If you receive digital assets as payment for your freelance services, you must include the fair market value of the digital assets in their gross income. This income is subject to self-employment tax, which is 15.3% of the net earnings from self-employment

You can deduct your ordinary and necessary business expenses from your gross income to reduce your taxable income and self-employment tax liability.

4. Digital asset gains and losses are subject to capital gains tax

If you sell, exchange, gift, or otherwise dispose of digital assets, you must report any gains or losses on their tax return. The amount of gain or loss is the difference between the fair market value of the digital assets at the time of disposition and their adjusted basis, which is usually their cost

The gain or loss is classified as short-term or long-term depending on how long you held the digital assets before disposing of them. Short-term gains and losses are taxed at ordinary income tax rates, while long-term gains and losses are taxed at preferential capital gains tax rates.

5. Digital asset rewards and awards are taxable income

If you receive digital assets as a reward or award for participating in Web3 and crypto activities, such as mining, staking, airdrops, forks, or bounties, you must include the fair market value of the digital assets in their gross income. 

This income is also subject to self-employment tax if it is related to your trade or business as a freelancer. 

You may be able to deduct some of the expenses associated with these activities, such as electricity and equipment costs.

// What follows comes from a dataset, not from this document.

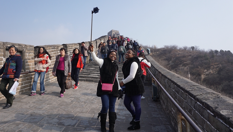 参观长城是北京之行的重头戏,是我们最期待的景点。在职工的眼里,长城就是中国的标志,就像毛主席说的“不到长城非好汉”,对我们来讲来中国却不去长城也等于白去,因此这一天我们都格外兴奋。长城上风很大,但吹散了恼人的雾霾,远望长城之外的视野变得更加广阔。我们仿佛一下子变成了小孩,你追我赶,兴奋地“占领”了一个个烽火台。
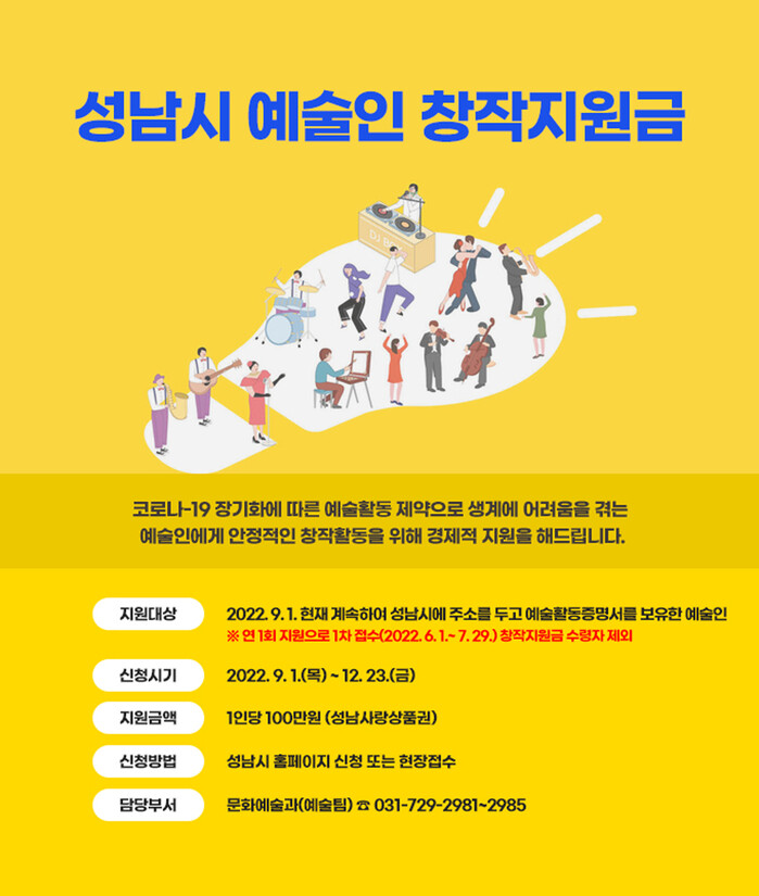 [로컬세계=김병민 기자]경기 성남시는 오는 12월 23일까지 예술인 창작지원금 100만원 지급 신청을 받는다.

6. Digital asset donations are deductible expenses

If you donate digital assets to a qualified charitable organization, you may be able to deduct the fair market value of the digital assets as a charitable contribution on their tax return. However, you must have held the digital assets for more than one year to claim the deduction at fair market value; otherwise, you can only deduct their adjusted basis. You must also obtain a written acknowledgment from the charity for any donation of $250 or more.

7. Digital asset transactions must be reported 

Beyond tax purposes, financial authorities often require that digital asset transactions are reported for anti-money laundering purposes. In the U.S., freelancers must fill in certain forms to the IRS.

Digital asset transactions must be reported on Form 1099. If you receive or pay more than $600 worth of digital assets in a calendar year from any single payer or payee, you must report these transactions on Form 1099. The payer or payee must also receive a copy of Form 1099 by January 31 of the following year. You can use a crypto tax software service such as TaxBit to generate and file Form 1099 electronically.

Digital asset transactions must be answered on Form 1040. The IRS has added a question at the top of Form 1040 that asks whether you received, sold, exchanged, gifted, or disposed of any digital assets during the tax year. Failure to answer this question correctly could result in penalties or audits by the IRS.

As you venture into Web3 freelancing, remember that compliance is key. 

Arm yourself with the right knowledge, utilize the right tools, and you can make the most of your Web3 freelance career while confidently adhering to all necessary regulations.